Aim of the exercise:
A faithful copy of all the data is the goal; omit the pictures.

Information supplied:
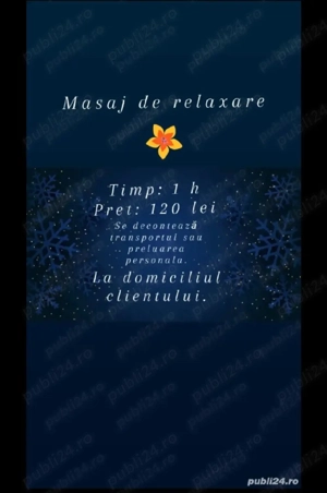 MASAJ DE RELAXARE LA DOMICILIU. Preț: 120 lei Timp: o ora Pret: 160 lei Timp: o ora și 30 minute Masajul se face cu dumneavoastră fiind nud, acoperit cu un prosop pe fese, se folosește crema, masajul se face pe tot corpul, este exclusa partea intima; este masaj de relaxare și masaj pentru musculatura. Programul ...
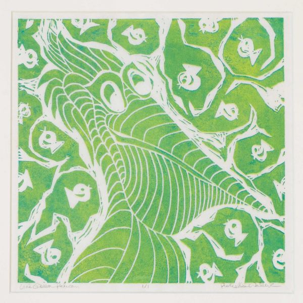 Michelle Walker - "Lime Green Pelican" Linoleum Print
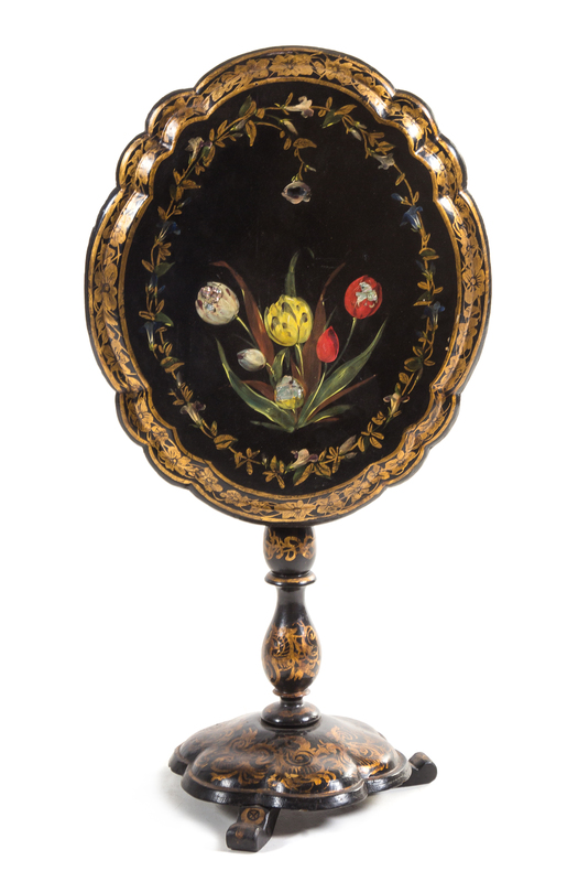 the lobed oval top painted to show tulips within foliate borders, set on a baluster form support ending in a lobed base with three feet.

Task output:
 MASAJ DE RELAXARE LA DOMICILIU. Preț: 120 lei Timp: o ora Pret: 160 lei Timp: o ora și 30 minute Masajul se face cu dumneavoastră fiind nud, acoperit cu un prosop pe fese, se folosește crema, masajul se face pe tot corpul, este exclusa partea intima; este masaj de relaxare și masaj pentru musculatura. Programul ...
 Michelle Walker - "Lime Green Pelican" Linoleum Print
 the lobed oval top painted to show tulips within foliate borders, set on a baluster form support ending in a lobed base with three feet.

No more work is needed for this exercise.